** What you have to do **
Set down each line of the material that follows exactly, and leave its pictures out.
____ Excerpted data
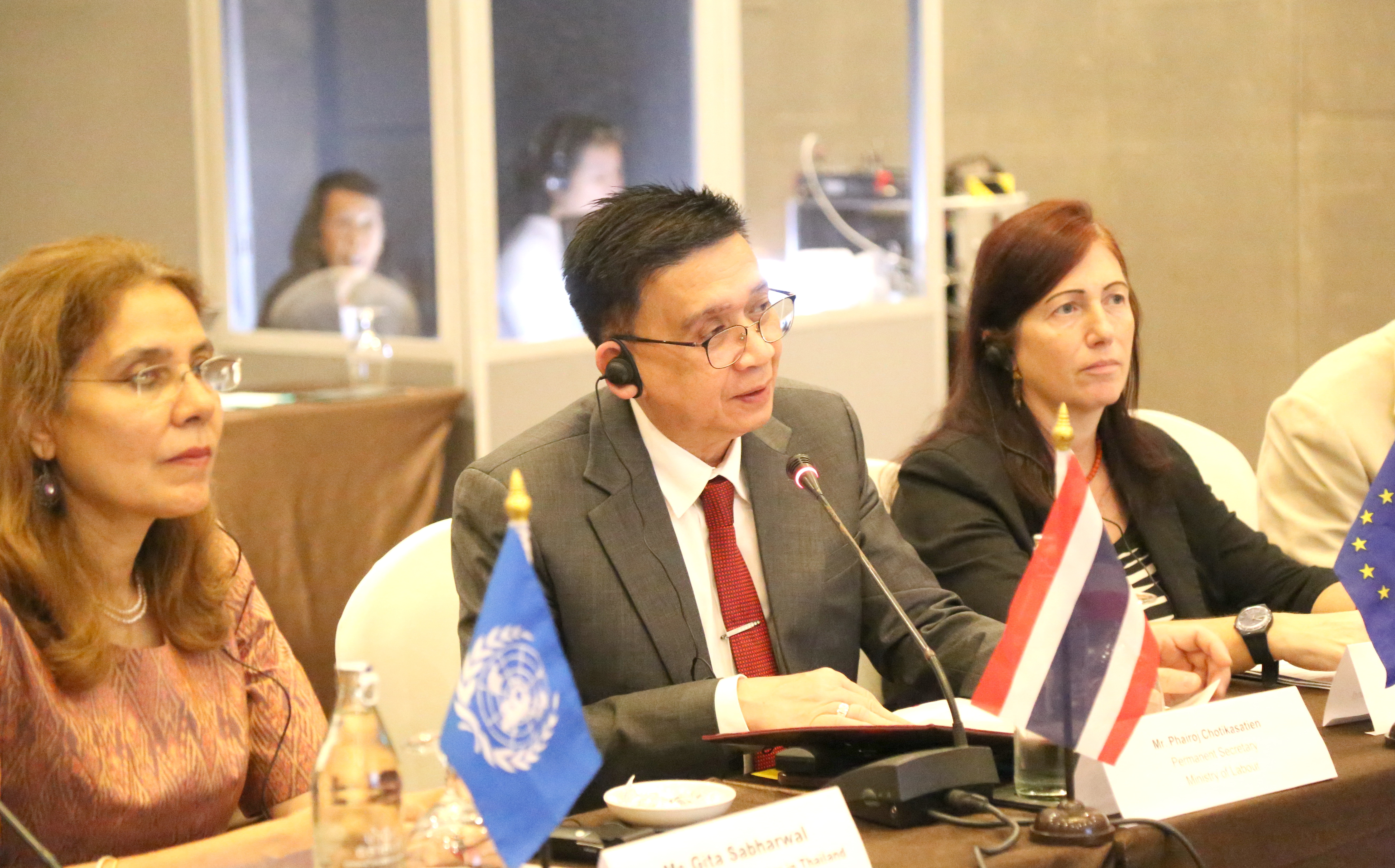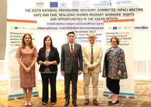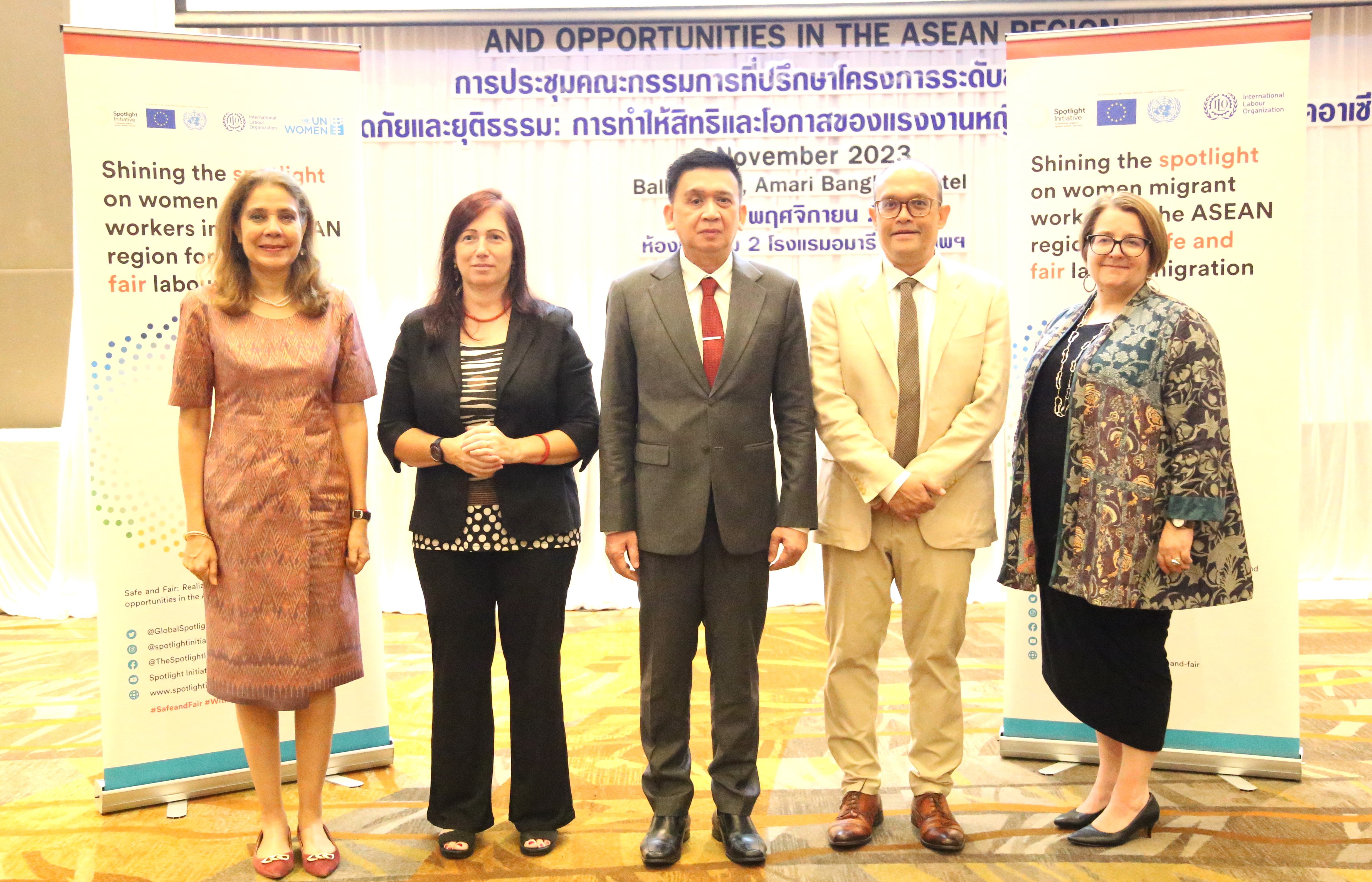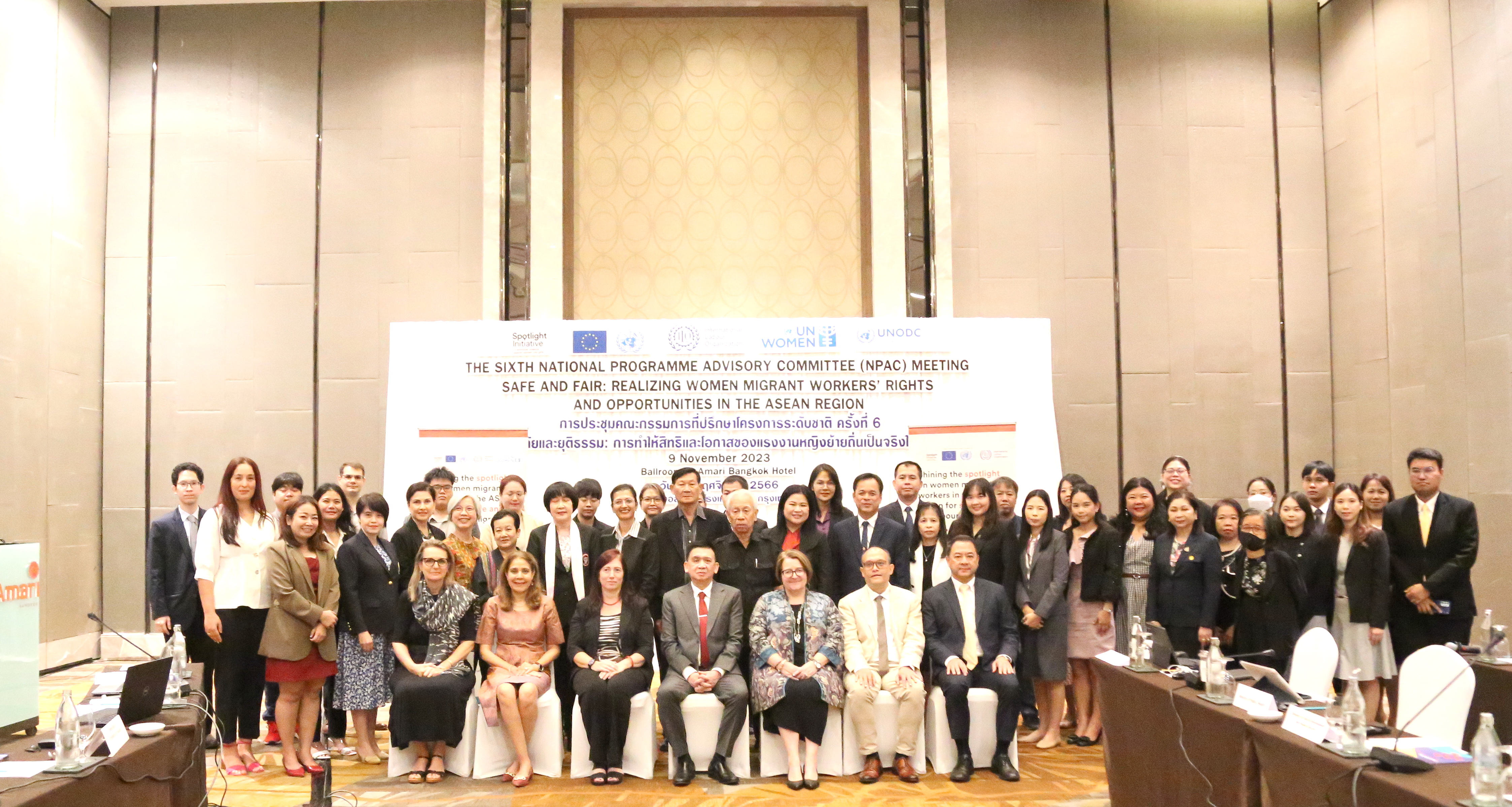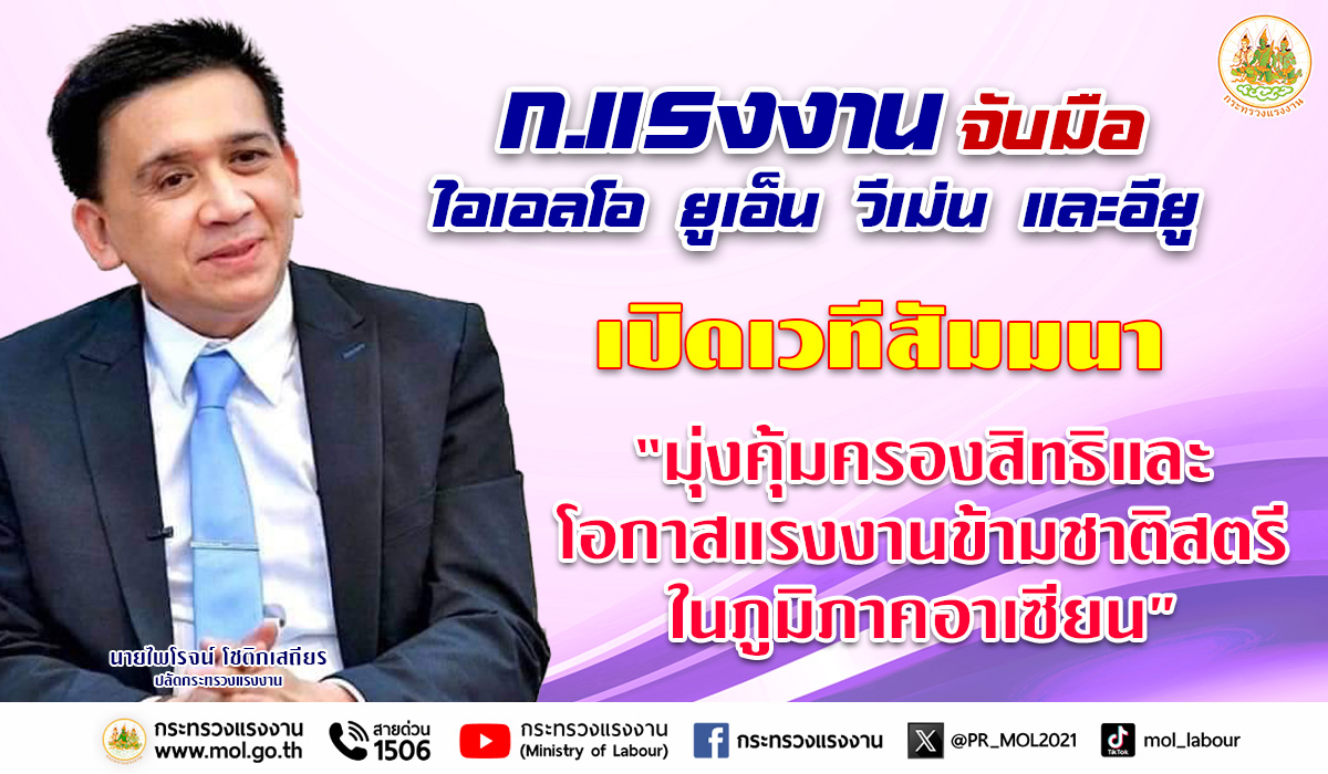วันที่ 9 พฤศจิกายน 2566 นายไพโรจน์ โชติกเสถียร ปลัดกระทรวงแรงงาน เป็นประธานการประชุมคณะกรรมการที่ปรึกษาระดับประเทศโครงการความปลอดภัยและยุติธรรม : สิทธิและโอกาสของแรงงานข้ามชาติสตรีในภูมิภาคอาเซียน ครั้งที่ 6 โดยมี นายสมาสภ์ ปัทมะสุคนธ์ ผู้ตรวจราชการกระทรวงแรงงาน คุณซารา เรโซอาลญิ รองหัวหน้าคณะผู้แทนสหภาพยุโรปประจำประเทศไทย คุณกีต้า ซับบระวาล ผู้ประสานงานสหประชาชาติประจำประเทศไทย คุณอ๊อคตาเวียนโต้ พาซาริบู รองผู้อำนวยการรักษาการผู้อำนวยการสำนักงานแรงงานระหว่างประเทศ ประจำประเทศไทย กัมพูชา และ สปป.ลาว คุณซาราห์ นิบส์ รักษาการผู้อำนวยการองค์การ UN Women ดร.ออดรี – อานนท์ โรเชเลมันยา เลขานุการเอก หัวหน้าทีมฝ่ายความร่วมมือสำนักงานคณะผู้แทนสหภาพยุโรปประจำประเทศไทย พร้อมด้วยผู้บริหารระดับสูงกระทรวงแรงงาน เข้าร่วม ณ ห้องบอลรูม 2 ชั้น 6 โรงแรมอมารี วอเตอร์เกท กรุงเทพฯ
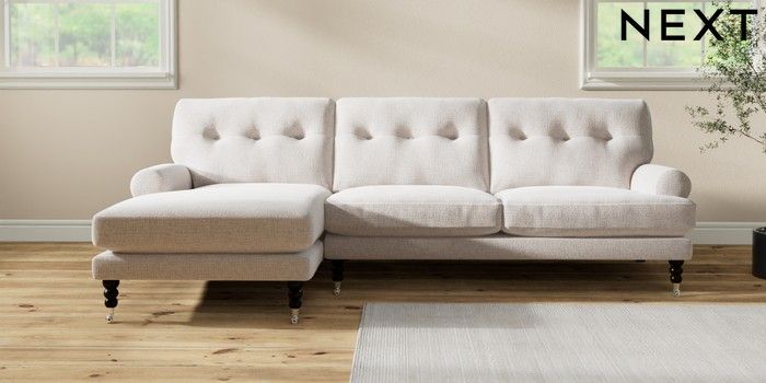 7.2.10 Erin Buttoned Back Deep Relaxed Sit Medium Sofa Chaise - Left Hand Multi Weave Oyster High Classic Turned Chrome Castor - Dark | Made Click here to use our website with more accessibility support, for example screen readers
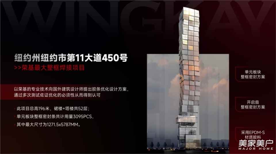 纽约州纽约市第 11 大道 450 号项目为荣基最大整框焊接项目。该项目总高196米,裙楼+塔楼共52层,单元板块整框密封条共计用量 3095PCS,其中最大尺寸为1271.5x5787MM。荣基以专业技术,向国外建筑设计师提出胶条优化设计方案,通过多次测试佐证优化的必须性,得到项目方的认可。
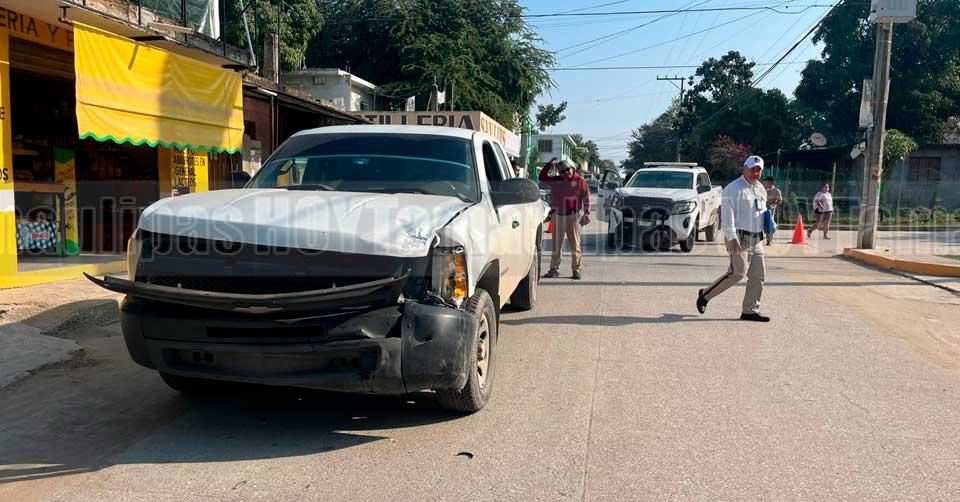 Presuntamente la unidad vial propiedad del Ayuntamiento local, fue impactada por una camioneta Chevrolet Silverado color blanco que circulaba con preferencia de paso.
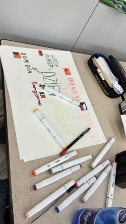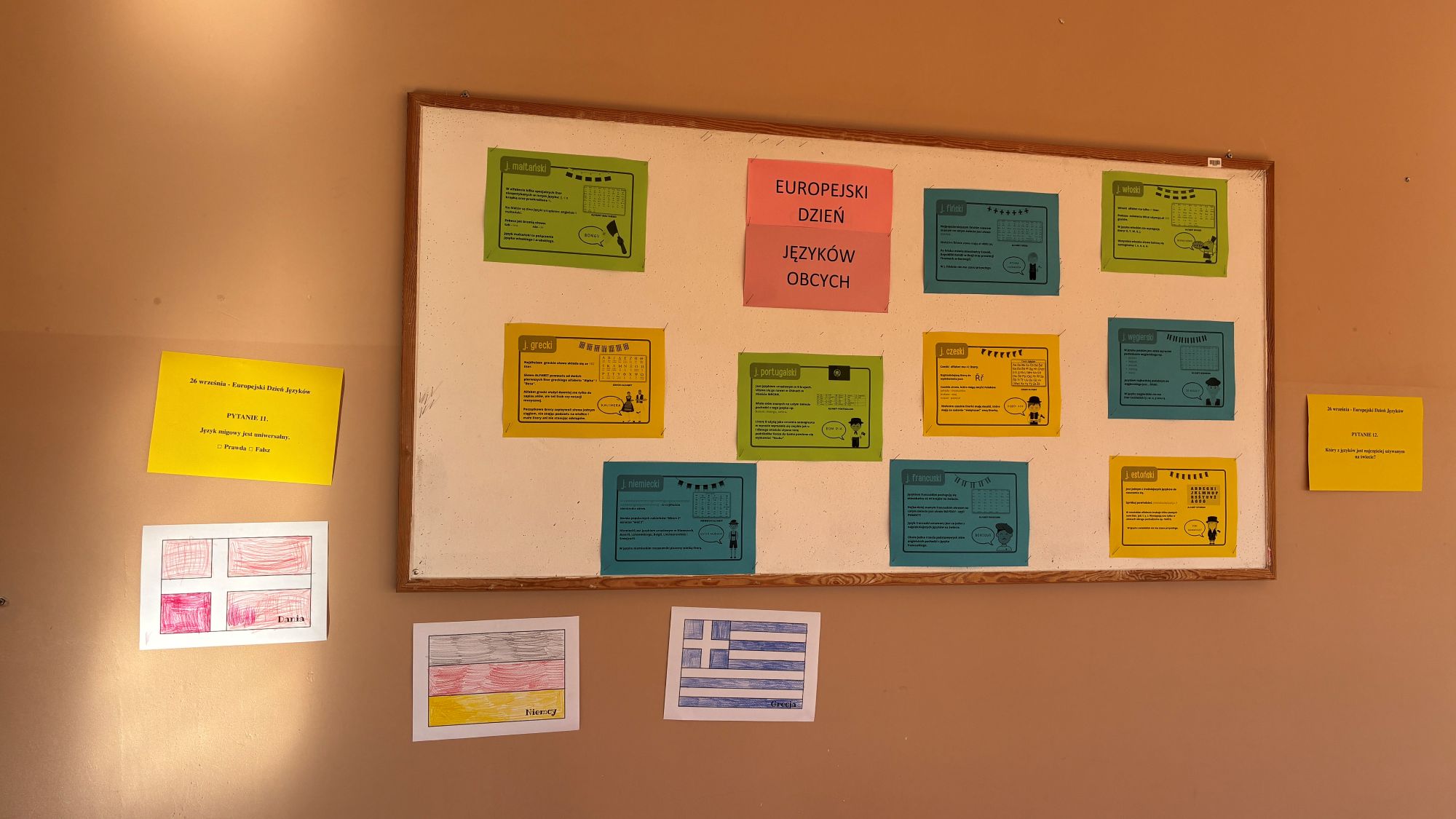 W naszej szkole trwa Europejski Tydzień Języków! Uczniowie podczas lekcji języka niemieckiego i angielskiego przygotowali plakaty z podstawowymi słowami w różnych językach europejskich, a także kolorowe flagi krajów Europy, które zdobią szkolne korytarze.
________
** Your response **
วันที่ 9 พฤศจิกายน 2566 นายไพโรจน์ โชติกเสถียร ปลัดกระทรวงแรงงาน เป็นประธานการประชุมคณะกรรมการที่ปรึกษาระดับประเทศโครงการความปลอดภัยและยุติธรรม : สิทธิและโอกาสของแรงงานข้ามชาติสตรีในภูมิภาคอาเซียน ครั้งที่ 6 โดยมี นายสมาสภ์ ปัทมะสุคนธ์ ผู้ตรวจราชการกระทรวงแรงงาน คุณซารา เรโซอาลญิ รองหัวหน้าคณะผู้แทนสหภาพยุโรปประจำประเทศไทย คุณกีต้า ซับบระวาล ผู้ประสานงานสหประชาชาติประจำประเทศไทย คุณอ๊อคตาเวียนโต้ พาซาริบู รองผู้อำนวยการรักษาการผู้อำนวยการสำนักงานแรงงานระหว่างประเทศ ประจำประเทศไทย กัมพูชา และ สปป.ลาว คุณซาราห์ นิบส์ รักษาการผู้อำนวยการองค์การ UN Women ดร.ออดรี – อานนท์ โรเชเลมันยา เลขานุการเอก หัวหน้าทีมฝ่ายความร่วมมือสำนักงานคณะผู้แทนสหภาพยุโรปประจำประเทศไทย พร้อมด้วยผู้บริหารระดับสูงกระทรวงแรงงาน เข้าร่วม ณ ห้องบอลรูม 2 ชั้น 6 โรงแรมอมารี วอเตอร์เกท กรุงเทพฯ
 7.2.10 Erin Buttoned Back Deep Relaxed Sit Medium Sofa Chaise - Left Hand Multi Weave Oyster High Classic Turned Chrome Castor - Dark | Made Click here to use our website with more accessibility support, for example screen readers
 纽约州纽约市第 11 大道 450 号项目为荣基最大整框焊接项目。该项目总高196米,裙楼+塔楼共52层,单元板块整框密封条共计用量 3095PCS,其中最大尺寸为1271.5x5787MM。荣基以专业技术,向国外建筑设计师提出胶条优化设计方案,通过多次测试佐证优化的必须性,得到项目方的认可。
 Presuntamente la unidad vial propiedad del Ayuntamiento local, fue impactada por una camioneta Chevrolet Silverado color blanco que circulaba con preferencia de paso.
 W naszej szkole trwa Europejski Tydzień Języków! Uczniowie podczas lekcji języka niemieckiego i angielskiego przygotowali plakaty z podstawowymi słowami w różnych językach europejskich, a także kolorowe flagi krajów Europy, które zdobią szkolne korytarze.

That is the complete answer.